Complete step-by-step solution:
We are given a magnetic needle which is pivoted through its centre of mass and is free to rotate in a plane containing uniform magnetic field $200 \times {10^{ - 4}}T$. Therefore,
$B = 200 \times {10^{ - 4}}T$
When the needle is slightly displaced from its position, it executes simple harmonic motion whose frequency is given as
$\nu = 2{s^{ - 1}}$
Therefore, the time period of oscillations is equal to the reciprocal of the above frequency which is given as
$T = 0.5s$
We are also given the value of the moment of inertia of the needle about its axis of oscillation which is
$I = 0.75 \times {10^{ - 5}}kg{m^2}$
We are required to find out the magnetic moment of the magnetic needle which can done by using expression (i) in the following way.
\[\begin{align}
 & T = 2\pi \sqrt {\dfrac{I}{{mB}}} \\
  & \Rightarrow m = 4{\pi ^2}\dfrac{I}{{{T^2}B}} \\
\end{align} \]
Now inserting the known values of time period T , the moment of inertia I and the magnetic field B in this expression, we get
\[\begin{align}
 & m = 4{\pi ^2}\dfrac{{0.75 \times {{10}^{ - 5}}}}{{{{\left( {0.5} \right)}^2} \times 200 \times {{10}^{ - 4}}}} \\
   &= 0.059J{T^{ - 1}} \simeq 0.06J{T^{ - 1}} \\
\end{align} \]
This is the required answer and hence the correct answer is option C.
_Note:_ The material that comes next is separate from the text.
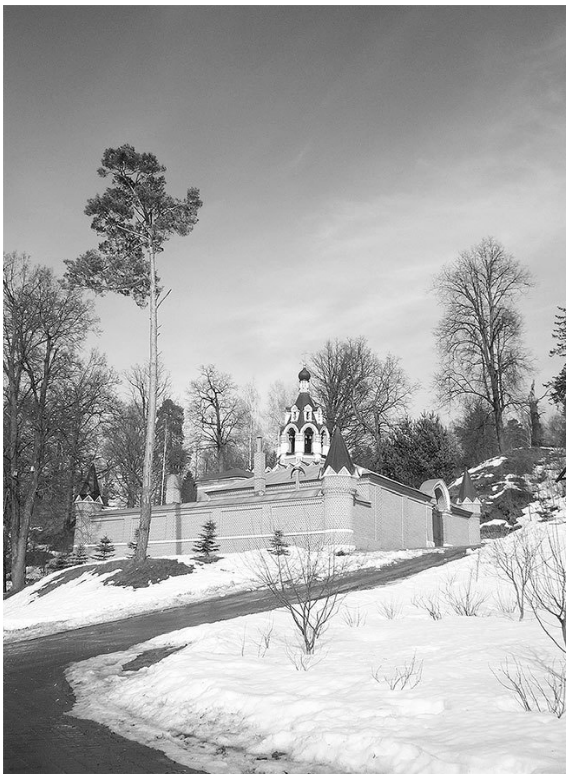
Саввино-Сторожевский скит.

Иславское – одно из древнейших сел Подмосковья, впервые упомянутое в летописях середины XIV века. Здешние курганы переносят нас в еще более давние времена – в середину первого тысячелетия нашей эры. До 1620 года Иславское было дворцовым селом. Уже тогда здесь стояла деревянная церковь Святого Георгия, окруженная 33 липами – по числу лет Христа. Шли годы, менялись владельцы села. Среди них видим бояр Морозовых, графов Апраксиных, дворян Дурново, военного губернатора Москвы И. П. Архарова. Церковь заново была отстроена в белом камне мастерами школы Казакова и освящена во имя Спаса Нерукотвор-

Note: It should be noted that the magnetic field of the magnetic needle is interacting with the external magnetic field around it which is producing the motion in the needle. At the equilibrium, the net force is zero but when displaced from its position, it results in an oscillation about its center of mass.